His artists are yet to be announced, and a Colombian radio station reported that musicians were being offered up to $7 million to perform during a three-day festival, running from Friday to Sunday. It said several had declined to perform.
And Pink Floyd’s co-founder Roger Waters, who has strongly opposed any intervention in Venezuela, attacked Sir Richard’s concert and said it was little more than a political stunt.
“It has nothing to do with humanitarian aid at all,” the 75-year old Waters said. “It has to do with Richard Branson having bought the US saying, ‘We have decided to take over Venezuela, for whatever our reasons may be.’”
Sir Richard denied that the show was political, and emphasised that the musicians were not being paid. The British billionaire, who has been following events in Venezuela closely from his Caribbean isle of Necker, 500 miles directly north of Caracas, said he felt he simply had to do something.
Support for Venezuela leadership
"Venezuela sadly has not become the utopia that the current administration of Venezuela or the past administration were hoping for, and that has resulted in a lot of people literally dying from lack of medical help", he said. "I think it will draw attention to the problem on a global basis."
He added that he hopes the event is “a joyous occasion”.

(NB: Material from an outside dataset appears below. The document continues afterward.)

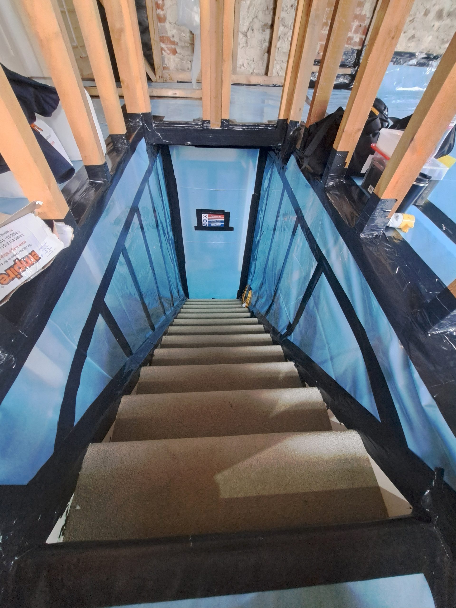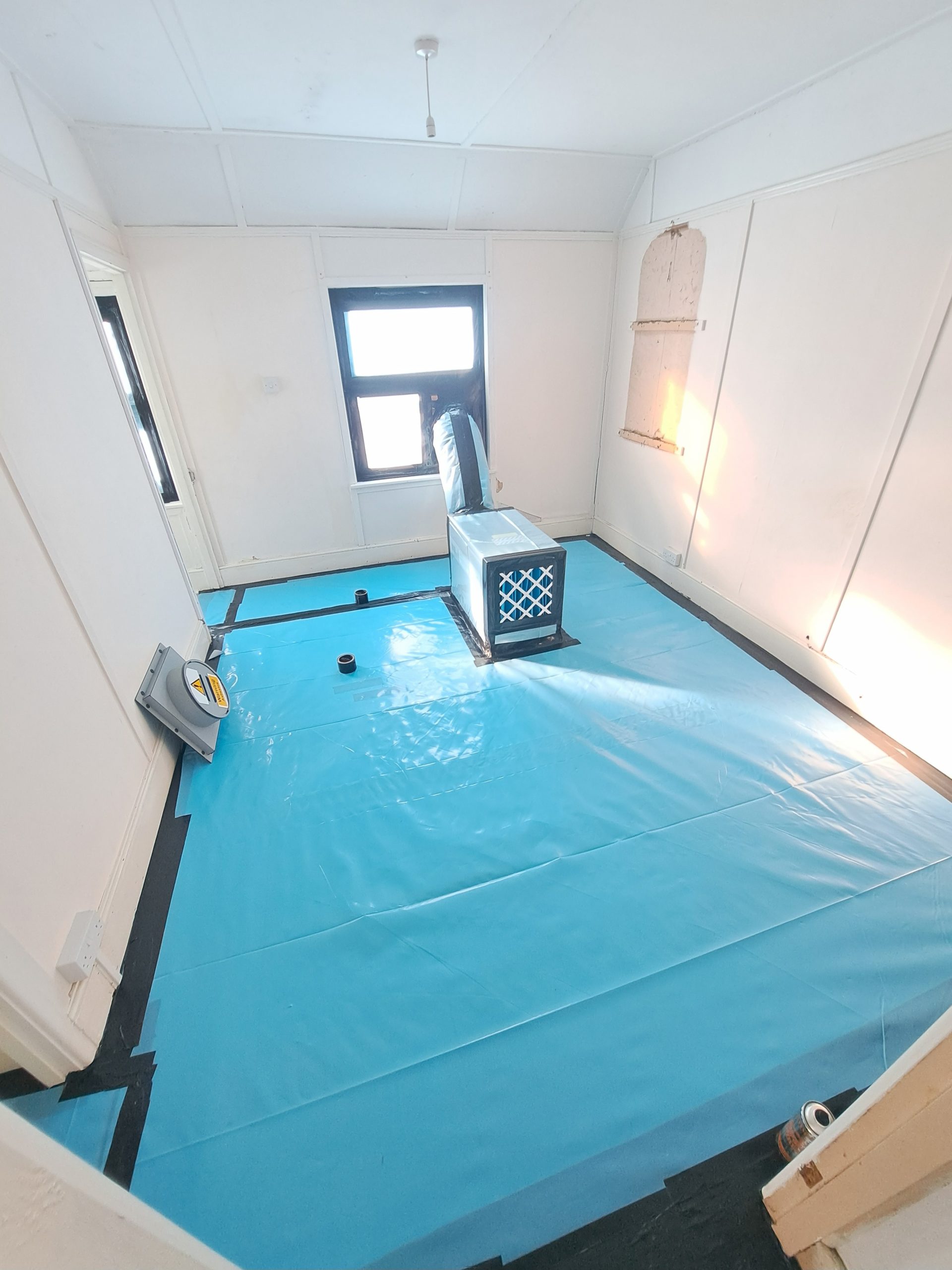 Before commencing the removal process, all furnishings were removed and fixtures isolated. Once the property was empty, two skilled operatives from G&L Consultancy began the meticulous task of sheeting and constructing an enclosure. This enclosure was essential to prevent contamination of surrounding areas if any asbestos fibres were released during the careful removal process.

And some in Cucuta were certainly looking forward to the show.
The mayor of the city of 650,000, Cesar Omar Rojas, has declared today (FRI) to be a holiday, with state employees given the day off to attend and schools closed, to free up the roads for transport to the site.
“We’re going to send a message to the world that there should be no walls or barriers between two brotherly neighbours, which prevent reconciliation, or stop help from arriving,” said Luis Carlos Diaz, a 47-year-old customer service specialist.
“Through music we will show Maduro that the world does not agree with him. It will be a warning to all of those new regimes that are growing around the world, we will tell them that is it not ok to starve their people.”